Now you can bind the device to the host driver, which in the case of an Nvidia card is probably nouveau
Code:
echo "0000:01:00.0" > "/sys/bus/pci/drivers/nouveau/bind"
 
The vfio-pci driver is still bound to the device after the VM is shut down.
You can unbind it manually:
Code:
echo "0000:01:00.0" > "/sys/bus/pci/devices/0000:01:00.0/driver/unbind"
Replace 0000:01:00.0 with your PCI device path.

Now you can bind the device to the host driver, which in the case of an Nvidia card is probably nouveau
Code:
echo "0000:01:00.0" > "/sys/bus/pci/drivers/nouveau/bind"
Will I have to do this after each startup and shutdown (whether it's a VM or a LXC container) or will doing this once suffice?

Your help is greatly appreciated.

Thank you.
 
This will have to be done after each shutdown of the VM. But it can be automated with a hookscript that runs on VM shutdown.
https://pve.proxmox.com/pve-docs/pve-admin-guide.html#_hookscripts

Thank you.

I shouldn't have to do this with the LXC container, correct?

And if I have a LXC container that's using the GPU and then spin up the VM -- will I still be able to "share" said GPU between the CT and the VM, or will the VM "take over"/assume all control over said GPU?
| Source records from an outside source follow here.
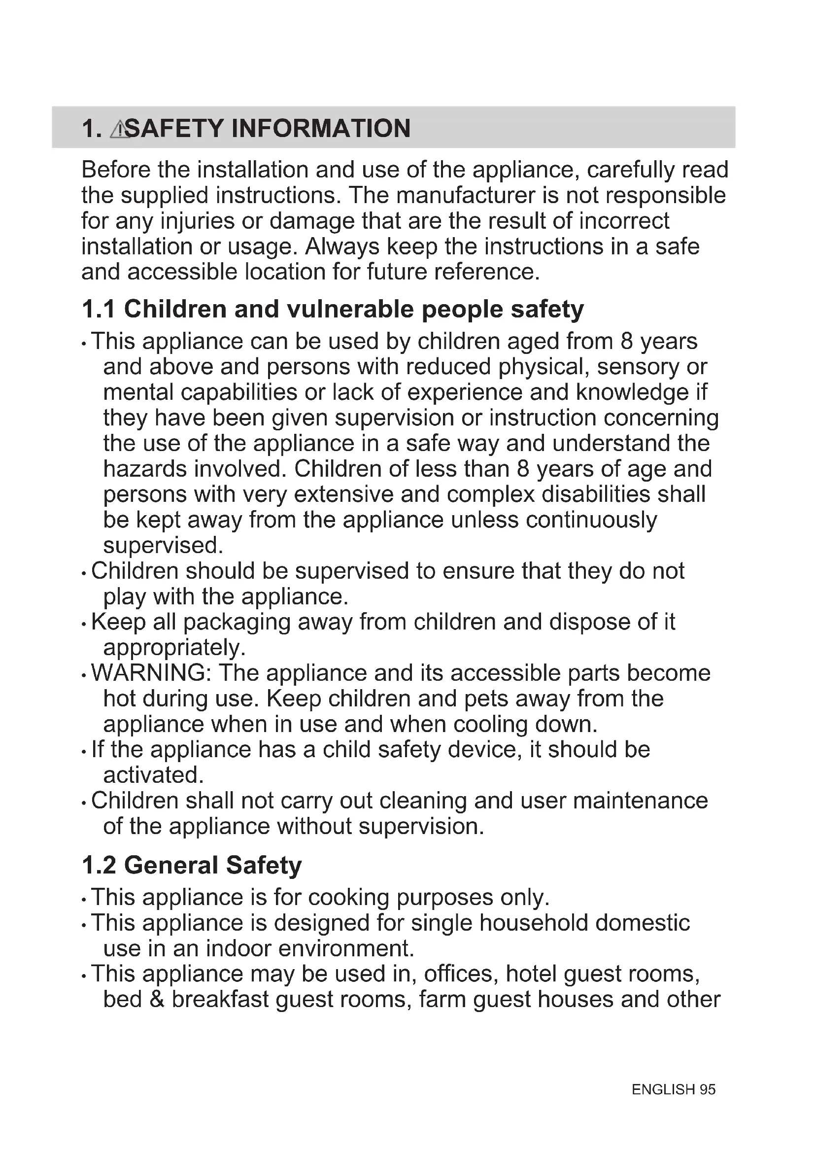 - This appliance can be used by children aged from 8 years and above and persons with reduced physical, sensory or mental capabilities or lack of experience and knowledge if they have been given supervision or instruction concerning the use of the appliance in a safe way and understand the hazards involved. Children of less than 8 years of age and persons with very extensive and complex disabilities shall be kept away from the appliance unless continuously supervised.
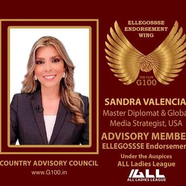Actualmente es miembro consejero del G100 Auspiciado por la Liga Mundial de Mujeres. y consultora de Promoción exterior.
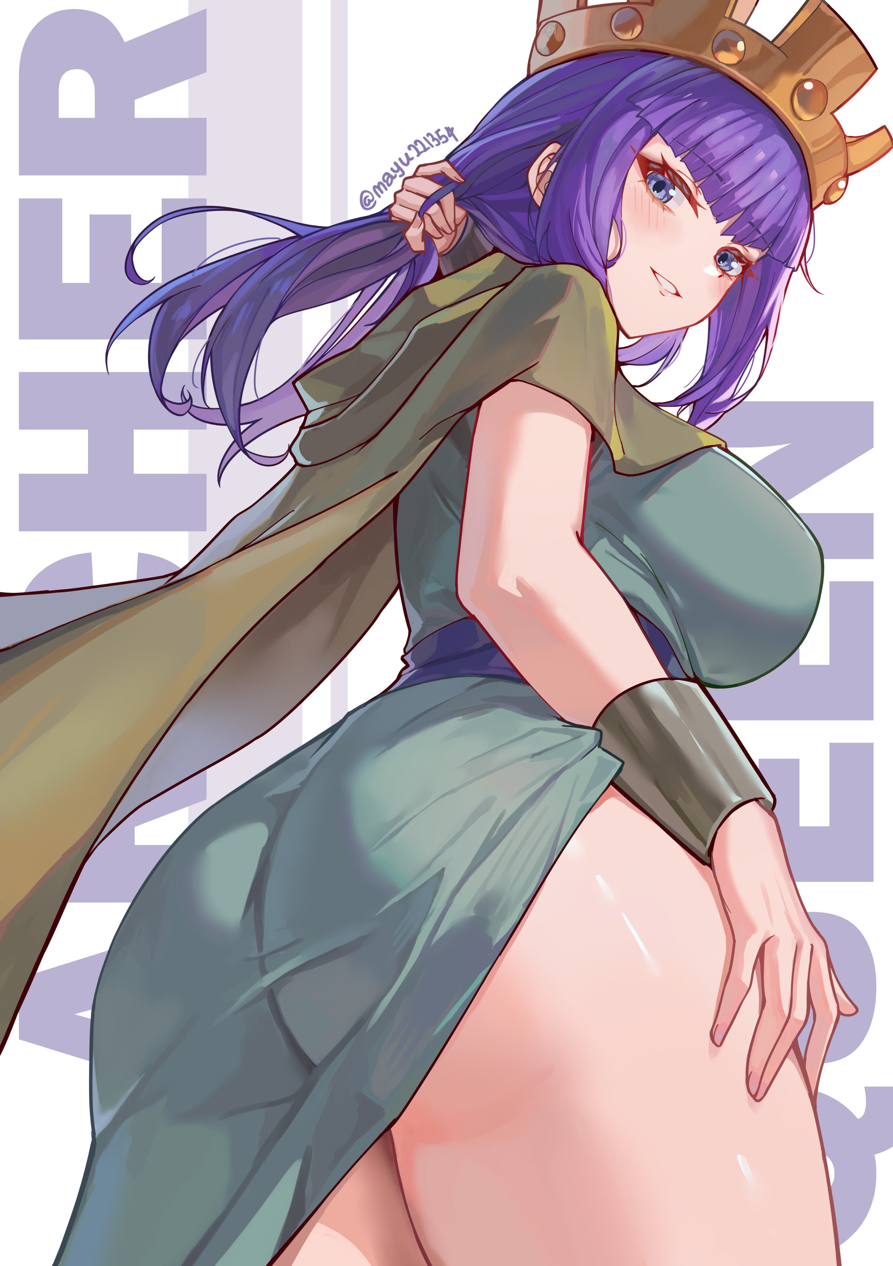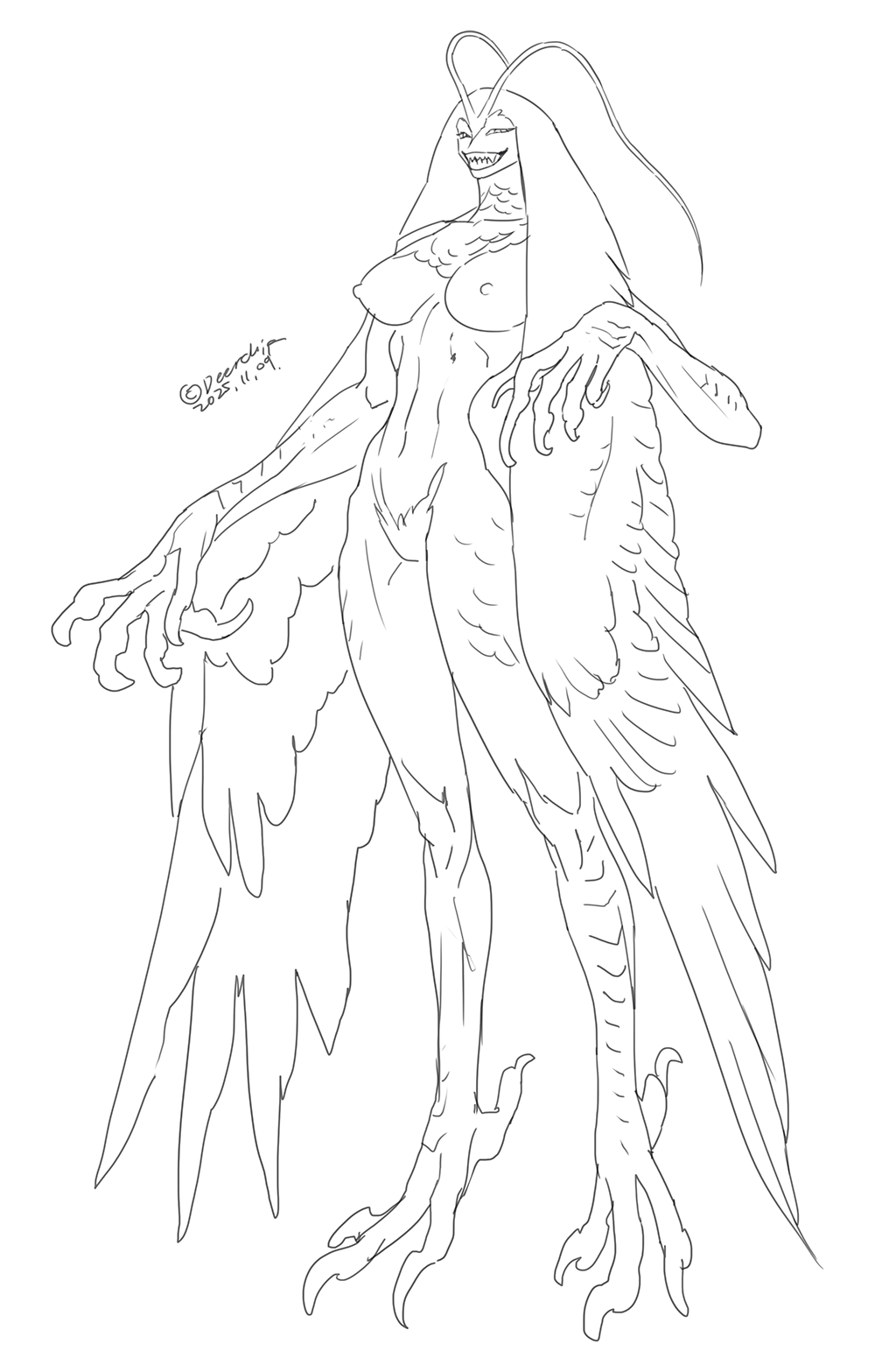 >Her eyes narrowed, the faintest trace of a smile curling her lips. >She stepped forward, shedding the eye-patterned cloak. The woman beneath was both resplendent and unnerving—her skin pale as marble, her long hair streaked with green and crimson. Two twisted horns of hair rose from her head, their tips matching the color of her blazing eyes. >Her beauty was of an unearthly kind—shapely, elegant, yet imbued with something alien, as if nature itself had misstepped in crafting her.>The intricate carvings on her body seemed to shift in the flickering firelight, resembling ancient runes one moment and delicate scars the next.

Your help is greatly appreciated.

Thank you.
 
I shouldn't have to do this with the LXC container, correct?
Correct

And if I have a LXC container that's using the GPU and then spin up the VM -- will I still be able to "share" said GPU between the CT and the VM, or will the VM "take over"/assume all control over said GPU?
The VM will take over, since the host driver gets unbound.
 
Correct


The VM will take over, since the host driver gets unbound.

So here is the output of lspci -k:

Code:
05:00.0 VGA compatible controller: NVIDIA Corporation Device 2531 (rev a1)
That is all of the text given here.